Enfatizó que en estas comunidades residen personas no vacunadas, aunado a la llegada de trabajadores agrícolas, quienes por razones religiosas o por decisión personal decidieron no vacunarse.
En esas zonas, recordó, se reportaron recientes brotes de otras enfermedades prevenibles, como la tos ferina.
Ante la posibilidad de contagio por alimentos, como los quesos elaborados por comunidades menonitas, Solís Robles descartó riesgos.
Aclaró que el sarampión se transmite únicamente por contacto directo entre personas. “Para eso nos preocuparían otras enfermedades, como la brucelosis, pero no el sarampión”, explicó.
Respecto al origen del brote, el subdirector reiteró que el sarampión es una enfermedad de distribución mundial y que Estados Unidos ha sido una de las principales fuentes de contagio en años recientes, sobre todo por grupos que rechazan las vacunas por motivos religiosos o ideológicos.
La alta movilidad de la comunidad menonita entre Estados Unidos, Chihuahua y Zacatecas aumentó el riesgo de ingreso del virus.
Señaló que las personas mayores de 40 años tienen menor riesgo, ya que la mayoría recibió la vacuna en campañas masivas o adquirió inmunidad natural durante brotes previos; sin embargo, quienes se encuentran entre los 20 y 40 años, especialmente si no tienen comprobante de vacunación, deben acudir a su unidad médica.
“Estamos rompiendo silencios epidemiológicos.
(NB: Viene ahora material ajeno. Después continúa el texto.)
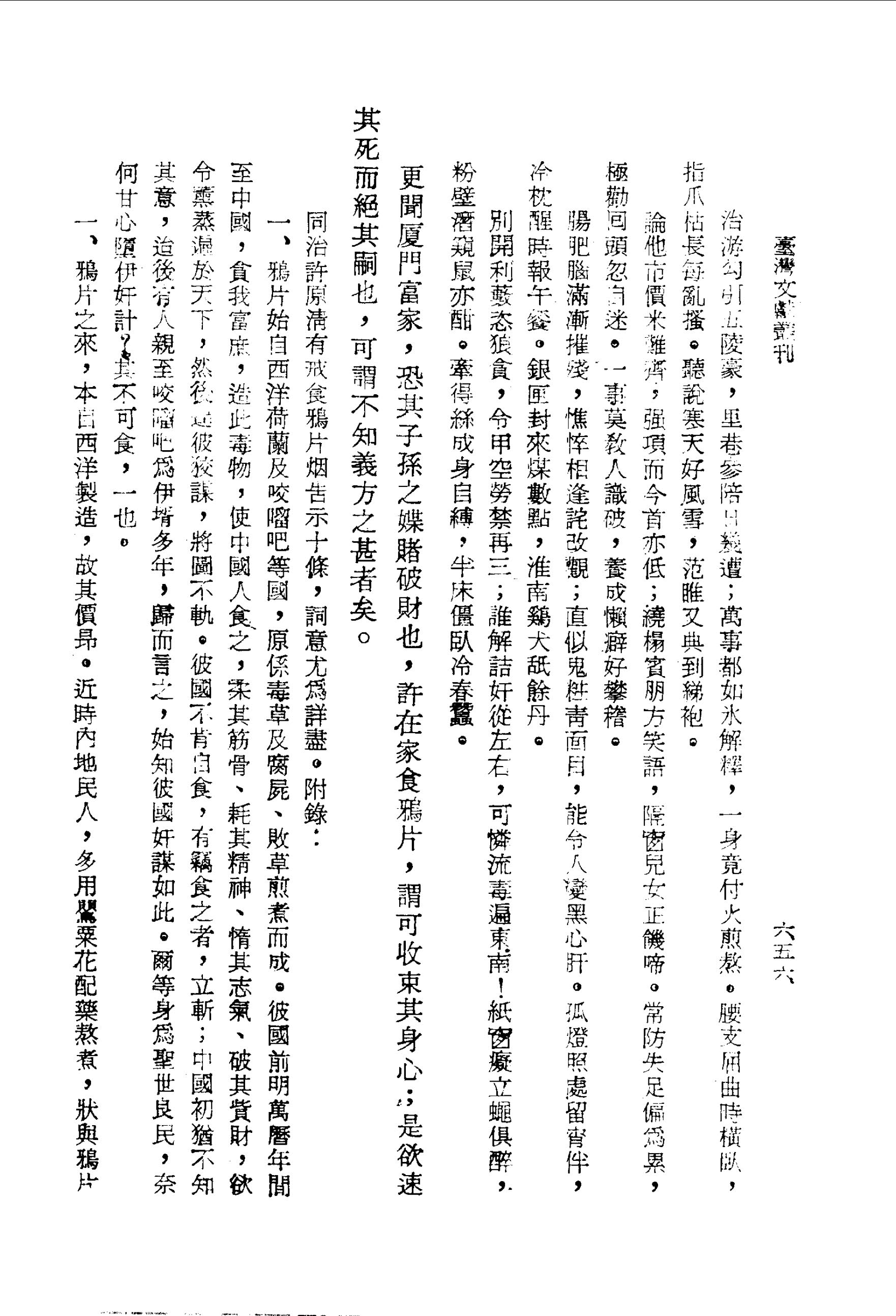 鴉片之來,本自西洋製造,故其價昂。近時內地民人,多用鸎粟花配藥熬煮,狀與鴉片無異,而價稍賤。買食者真偽莫分,但貪價賤而不知其毒更深且速。蓋物賤則易買,易買則食多,食多則引愈大而毒愈深。其不可食,二也。

Cada caso que detectamos nos obliga a actuar. Aunque sea uno, nos preocupa y nos ocupa. Es una oportunidad para fortalecer el sistema de salud”, puntualizó.
Además, mencionó que médicos que laboran en campos agrícolas también están expuestos si no cuentan con su esquema completo de vacunación.
“El riesgo potencial de que se enfermen es altísimo. Por eso es tan importante que toda la población, especialmente los profesionales de salud, tengan actualizadas sus vacunas”.
Llaman a aplicar vacunas
Jorge Armando Solís recomendó a la población, en especial a niños de uno a nueve años, a revisar y completar los esquemas de vacunación contra el sarampión, especialmente en bebés pequeños, adolescentes y adultos que no cuentan con la inmunización previa.
Explicó que la aplicación de la vacuna triple viral (SRP) debía seguir criterios específicos, según la fecha de nacimiento.
Detalló que, antes del 1 de junio de 2020, los niños recibían la primera dosis al cumplir un año y una segunda a los seis. Para quienes nacieron después de esa fecha, el esquema contemplaba la primera dosis al año y la segunda a los 18 meses.
En casos donde los niños mayores de 18 meses no recibieron su segunda inmunización, ésta deberá cubrirse lo antes posible.
Solís Robles añadió que, para niños mayores sin esquemas completos, se valora la aplicación de la vacuna doble viral bajo ciertas condiciones.
En adultos, especialmente aquellos mayores de 40 años, recordó que muchos ya cuentan con inmunidad adquirida, pero recomendó consultar a su médico si tienen dudas sobre su estado de vacunación.
Respecto a los síntomas del sarampión, el epidemiólogo señaló que los más comunes son: fiebre, tos, conjuntivitis, enrojecimiento ocular, malestar general y afectación al estado general del paciente.
Además, recalcó la importancia de no confundirlo con otras enfermedades, como la varicela, ya que presentaban características clínicas distintas.
Asimismo, destacó que México había sido declarado libre de sarampión gracias a las altas tasas de vacunación, pero con la pandemia surgieron grupos antivacunas que contribuyeron a la disminución de la cobertura, lo cual, junto a la infodemia y la circulación internacional del virus, generó nuevos casos.
Finalmente, aclaró que las vacunas son gratuitas, seguras y enfatizó que solo deben aplicarse en unidades del sector salud autorizadas, donde se garantiza la cadena de frío para su correcta conservación.